Гул стал самолётами.
То, что минуту назад стояло на пределе слуха ровным, слитным, ватным, теперь распалось на отдельные голоса моторов — их было много, они шли на разной высоте, и передние уже прошли над лесом и разворачивались над полем, чёрные на светлеющем небе, деловитые, спокойные, как люди, вышедшие на привычную работу с зарёй. Никто их не встречал. Небо над «Вересовкой» было пустым, огромным и чужим, и принадлежало оно теперь не нам.
В лагере ещё спали. Я стоял у своей палатки в наскоро натянутых сапогах и чужой гимнастёрке, и в первую секунду молодое тело рванулось было бежать — я уже знал куда. К подвешенному у штаба рельсу. Но кто-то оказался ближе: железо забило тревогу прежде, чем я сделал третий шаг. Я заорал «Воздух!» и на бегу считал. Двухмоторные, тяжёлые, груженые — эти шли первыми, низко и уверенно. За ними, выше и по краям, держались мелкие, быстрые, поджарые, и я узнал их сразу — не по силуэту из книги, а по повадке, по тому, как охотно они клевали носом к земле и как ровно держали строй. Прикрытие. Истребители. Те самые, которых мне полагалось бояться.

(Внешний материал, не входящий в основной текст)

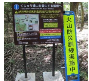
男池登山口に規制設置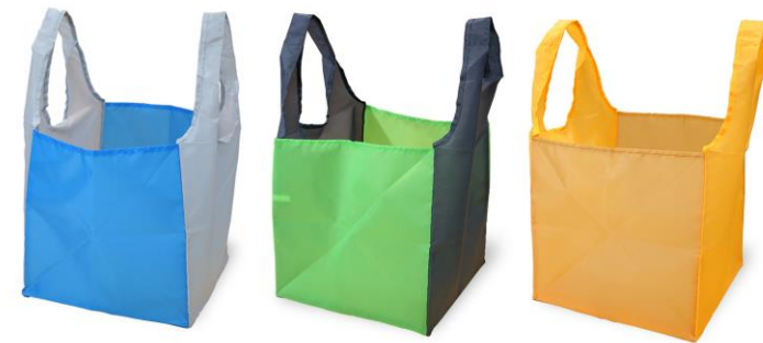
図. オリジナルエコバッグの開発・販売によるレジ袋削減（食料品スーパー）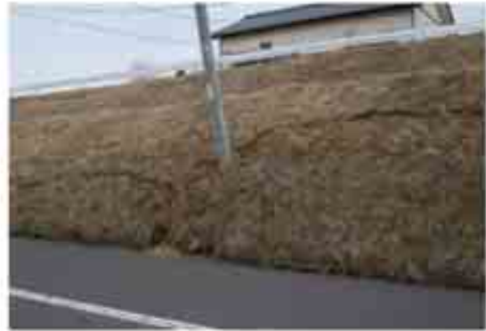
16 住宅団地の盛土のはらみだし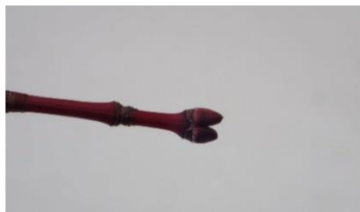
うちわ楓の芽(芽鱗など)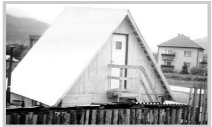
Takéto chýtky pomáhajú bezdomovcom žiť ako ľudia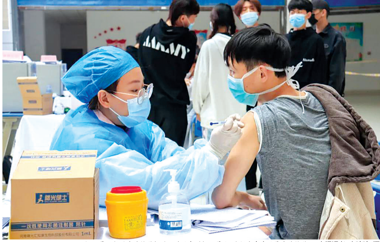
近日,晋江新冠疫苗接种机动队进驻泉州轻工学院,为师生有序开展疫苗接种。

接种疫苗可以提高人体免疫力,连片形成人群免疫屏障,是防控新冠疫情最有效的手段。张文贤要求,新冠疫苗接种事关群众健康安全,各级各部门要提高政治站位,坚决扛起责任,优化工作细节,提升疫苗接种能力,全力做好疫苗接种各项保障工作;要强化协同,快速联动,抓紧完善接种点建设、流程设置、人员配置、物资保障各环节,确保疫苗接种安全有序;要加强宣传组织动员,多渠道做好疫苗接种科普宣传,提升群众接种意愿,确保应种尽种。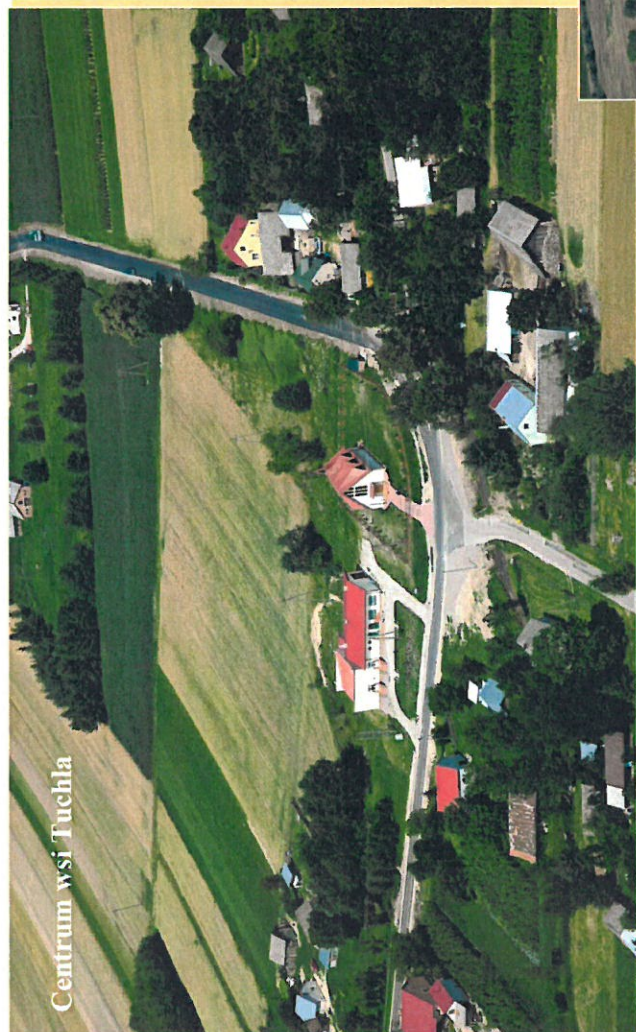
Centrum wsi Tuchla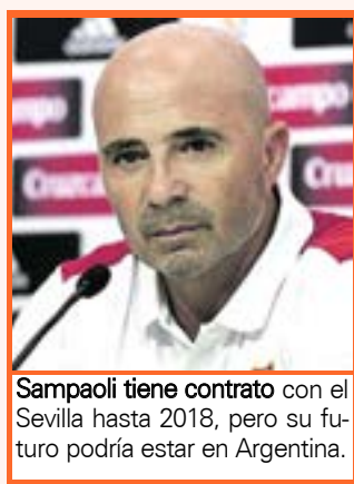
Sampaoli tiene contrato con el Sevilla hasta 2018, pero su futuro podría estar en Argentina.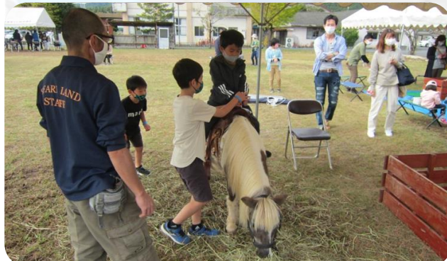
【ポニーの乗り心地はどうだったかな？】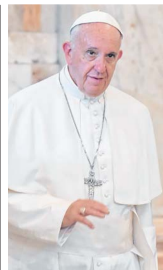
80. Geburtstag Papst feiert mit Gottesdienst /D10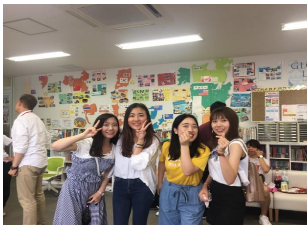
* 韓國留學生及 NGU 的日本學生交流

離校門最近也最顯眼的建築物寫著國際センター（國際中心），專門與各國姐妹校或者與國外交流接洽的部門，裡面的行政人員們都很親切和學生們感情都非常好。隔壁連接著一間和國際中心一樣也是隔著透明玻璃落地窗一間叫做アイラウンジ（iLounge）的大間會話教室，從外面就可以看見裡面有各國的國旗、交流照片，以及每天都有留學生們在與日本人交流的場景，教室是由 NGU 有留學經驗的日本學生們稱為 TA（Teacher Assistant）所管理的空間，相當的國際化也有各種語言的檢定、小說書籍可以借覽，每週學生們也都會在這裡舉辦促進國際交流的活動，讓日本學生、留學生參加，我也在這裡認識了很多朋友。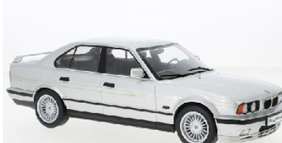
Deco - sample not final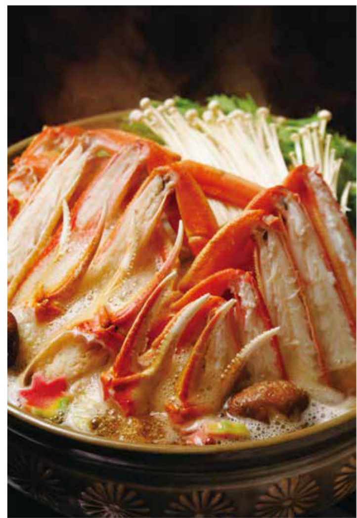
カニ全体のエキスがスープに溶け出す「カニすき」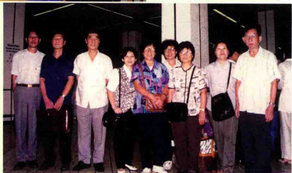
一九九四年八月在香港，合家送欢 莲回美。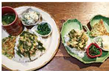
▲この日のメニューはにら玉丼・ねぎ焼き・ほうれん草胡麻和え・ブロックリーとじゃがいものサラダ・野菜スープ

毎月豊田市のお知り合いの方から無償で、畑で採れた旬の無農薬野菜を提供していただいています。そこからメニューを考え、採れたて新鮮野菜たっぷりの美味しいごはんが出来上がります。お母さんとお子様で来店される方がほとんどで、みんなでワイワイ楽しくご飯を食べたり遊んだりする場になっています。お邪魔した日は、保育園のお友達同士で毎月来ているというご家族が楽しくお食事されていました。今後の課題として、「本当は一人でお留守番をしている子や子供だけで家で食事をしている子に、気軽にお子様だけでご飯を食べに来てほしい」と思っています。とおっしゃっていました。お子様だけの来店は無料で提供されていますので、この活動が今後広まると良いと思います。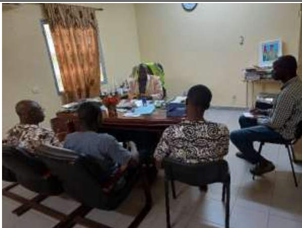
Echange avec le Directeur Régional du commerce et de l'industrie

Дату я знал. Что делать с оставшимися секундами — нет. Людей ещё можно было поднять с коек; машины, составленные с вечера в аккуратный парадный ряд, уже не растащить. Я кричал, пока в горле не стало сухо, и видел, как передний бомбовоз открывает створки.
У штаба из палатки выскочил дежурный с расстёгнутым ремнём и пистолетом в руке. Пистолет тут был ни к чему, но рука выбрала то, чему её учили. Он завертелся, ища старшего.
— Людей в щели! — крикнул я ему. — От машин!
— Кто приказал?
Я ткнул вверх. Приказ летел к нам сам, уже без посредников.
— В щели! — повторил дежурный другим голосом и наконец побежал вдоль палаток. — От стоянки! Ложись!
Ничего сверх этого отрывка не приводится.